On Being Known

Our world seems to have an obsession with being known. Perhaps it is an innate human need, I don’t know. But it lies at the heart of the insane phenomenon of celebrity culture and leaves few people unaffected by the opportunity to claim a mere 15 minutes of fame.

But is being known by many the same as really, genuinely being known?


I believe the biggest thing you lose when someone you love dies is that feeling of being known by them. To realize suddenly that no one now on this earth knows you like they did is jarring. It is a startling identity crisis.

For me, Chris often knew me better than I knew myself. Who was I when his life was snatched from my grasp? For a long time, I felt hollowed out. Emptied.

I think acceptance of death and peace in the grief process can only come after you’ve fully made the effort to discover exactly who you are.


Losing the official title of “wife” made me more fully aware of how my identity was built upon labels. Mother, daughter, sister, friend, employee, alum, American… etc.

I wasn’t ready to take on the label of “widow.” It felt like a swear on my lips.

Not only because his death tore my life apart, not only because it plunged me into the depths of existential crisis, and not only because I wasn’t prepared to raise our son by myself. But also because I didn’t know who I was without him.

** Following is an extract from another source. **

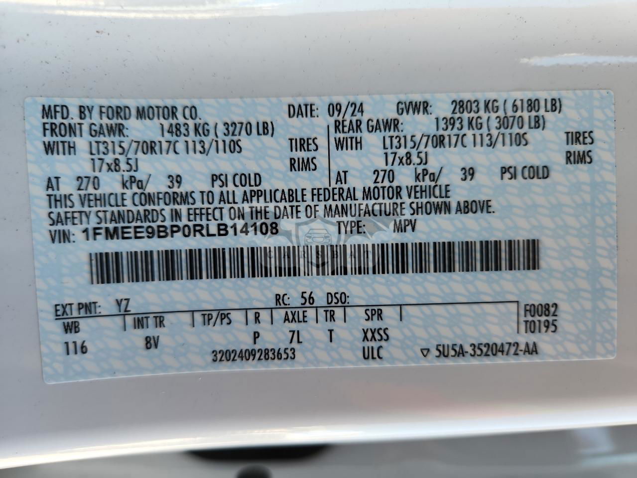 • VIN: 1FMEE9BP0RLB14108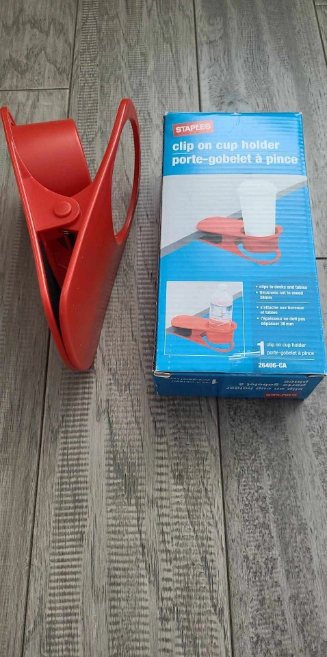 Staples Clip On Cup Holder - Red Keep your desk tidy with this handy Staples clip-on cup holder! It's new and ready to hold your favourite beverage. Clips to desks and tables with a thickness not to exceed 38mm

I hadn’t been by myself long term since I was 15. Half of my identity had almost always been nurtured by the presence of someone by my side.

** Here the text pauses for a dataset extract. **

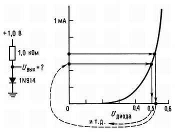 Начнем с примера. Допустим, вас интересует падение напряжения на диоде, представленном на рис. Е.1. Предположим, что вам известна вольт-амперная характеристика используемого диода (конечно, существует некоторый технологический разброс, а также сказывается влияние температуры окружающей среды): пусть она имеет такой вид, как показано на графике. Как определить положение точки покоя? Один метод заключается в том, что нужно грубо задать величину тока, скажем 0,6 мА, затем с помощью вольт-амперной характеристики определить падение напряжения на резисторе, затем на основании этого результата определить новую величину тока (в данном случае 0,48 мА). Этот итеративный метод иллюстрирует рис. Е.1. После нескольких итераций вы получите ответ, который, правда, оставляет желать лучшего.

In the deepest days of my grief, I spent an awful lot of time withdrawing from people, from connection, from community. It was depression, it was self-protection, it was pride. But in those days, I knew myself even less. And I wasn’t very nice to myself as a result.

I can’t explain how much work it took to grow out of that pit. It took a whole lot of prayer. And it took a village of family and friends. It took tears and cold sweats in the middle of the night. It took panic attacks and painfully slow steps towards a future I couldn’t comprehend.

And then, somewhere along the line – a time I can’t begin to pinpoint – I began to stand a little taller. I began to believe I deserved to ask for what I wanted. I learned what it was I wanted in the first place.

I began to know myself.

For the first time in a very, very long time, I liked who I was. I came to the profound realization that I didn’t have to be known by anyone except for, first, God, and then myself.


Today, I’m thankful that when I least wanted it, I became slowly more connected. The circle of people I love and who love me is mingled with old and new friends. This circle is testimony to what and who has built me and also a reflection of the person that I have become.

β€œTo be loved but not known is comforting but superficial. To be known and not loved is our greatest fear. But to be fully known and truly loved is, well, a lot like being loved by God. It is what we need more than anything. It liberates us from pretense, humbles us out of our self-righteousness, and fortifies us for any difficulty life can throw at us.”